Different modes of multicloud and hybrid approaches
Beyond the differences in terms of analytical and archiving capabilities, it is also necessary to distinguish between technical and commercial approaches. In general, players like Databricks, Snowflake or Google Cloud have encouraged their customers to “centralize” their data in the cloud. This is the position defended for three years by Ali Ghodsi, CEO of Databricks, with MagIT. Benoît Dageville, CEO of Snowflake makes much the same argument considering that even if it is necessary to separate storage from compute, ideally all this must take place in the cloud for performance and cost reasons. Behind this position, it must be understood that these publishers prefer “captive” customers of their solutions and of the cloud without however renouncing portability rails for those who one day would like to leave them. Also, publishers brag regularly their ability to support a large number of open source tables and data formats (Apache Iceberg, Hudi, Delta Lake, Parquet, Avro, ORC).
This isn’t necessarily the position of traditional publishers like Teradata and Cloudera who try to convince that their products aren’t (necessarily) locked down and expensive anymore. Their customers maintain hybrid data processing architectures, which forces these vendors to think about solutions suitable for this reality.
“We are changing our positioning,” said Steve McMillan, CEO of Teradata. “We want to offer an open, multi-cloud analytics platform. Our strength is our query engine and we can bring this engine closer to the data, wherever it is stored instead of sending it [systématiquement] in the cloud,” he adds.
Ironically, both approaches are based on the same technology: object storage. It is more particularly the S3 protocol that allows not only to reduce storage costs, but also to promote the analysis of data recorded in different formats. These containers can be hosted in the cloud and on-premises in S3-compatible instances. For its part, Snowflake has entered into partnerships with suppliers on-premise storage solutions to extract data entered in external tables and process them in the cloud. Databricks is investigating a similar solution, but Nicolas Maillard believes the use cases for that feature are immature.
Data Lakehouse vs. Logical Data Warehouse
In fact, few companies have a single platform that covers all their analytical needs. The vast majority of large groups have built and are building a multi-product architecture with their warehouses and data lakes at the center.

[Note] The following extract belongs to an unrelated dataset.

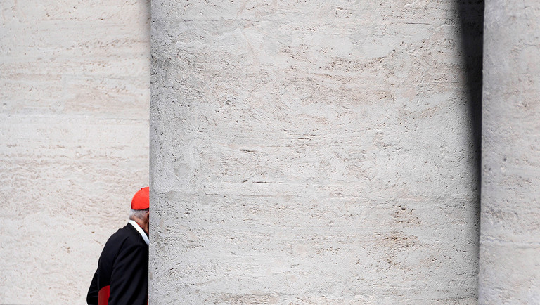 Nach dem Kardinalskollegium auf dem Weg durch die Kolonnaden des Petersplatzes im Vatikan.
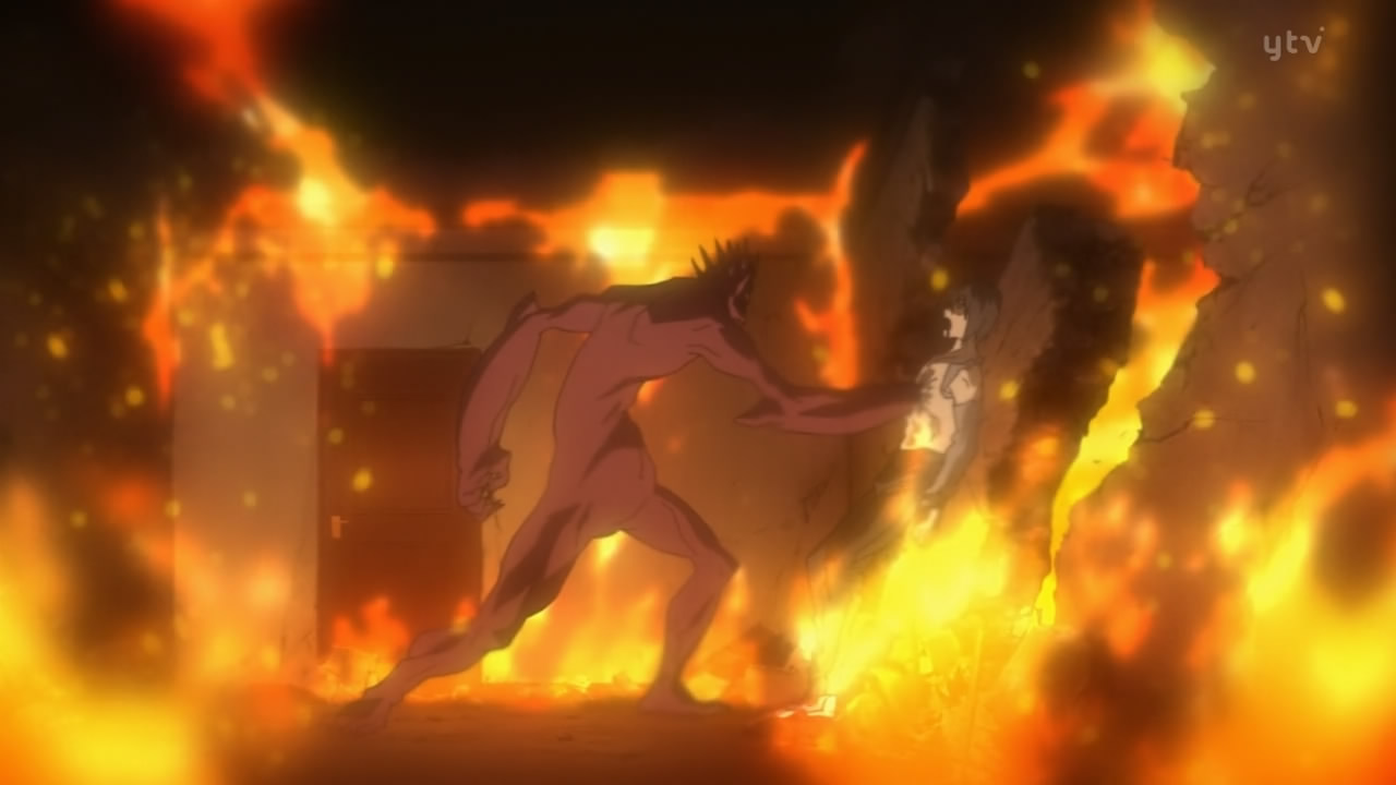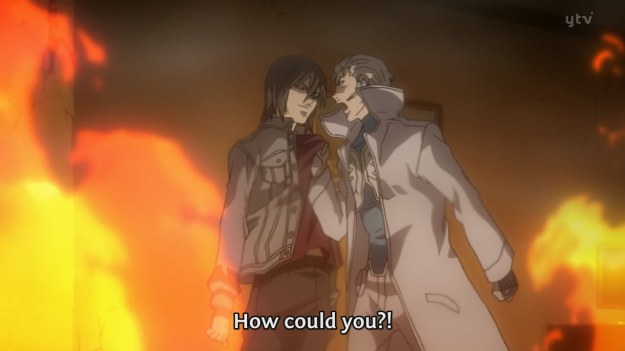 There is, however, a more meaningful contrast between the two (former?) friends. We saw this last week when Kouga scolded Jin for helping people for monetary gain. Kouga believes in justice or so he claims. He goes after this week’s arsonist because he wants to “work for justice.” On the other hand, we’re not entirely sure why Jin is also at the scene. Unless I’ve missed something, Jin just kinda shows up and starts fighting.

Most of them find themselves dealing with disparate data sources. However, they want to be able to correlate or analyze data like a lakehouse. In the data warehousing world, this practice is identified as Logical Data Warehouse (LDW).
The concept of logical data warehouse was defined in 2009 by Mark Beyer, an analyst at Gartner. An LDW is “an analytics-dedicated data management architecture that combines the strengths of traditional warehouses with alternative strategies for managing and accessing data.” Simply put, a logical data warehouse is “an architecture for consolidating and virtualizing data from multiple analytical systems.” It allows you to centrally integrate data from different sources into a logical repository rather than a physical location for analytical purposes. Virtualization tools like those from Denodo or TIBCO can support this approach.
In its 2022 Hype Cycle, Gartner considers a Lakehouse to be an “opportunistically constructed subset of LDW.” A logical data warehouse would serve more analytical use cases, until proven otherwise. “LDW remains a mature and best practice,” analysts advise. Furthermore, the Logical Data Warehouse concept has been excluded from the Hype Cycle 2022 simply because it no longer has to prove its worth. Like the data lake it did not replace the data warehouseLakehouse is likely to coexist with LDW for a long time.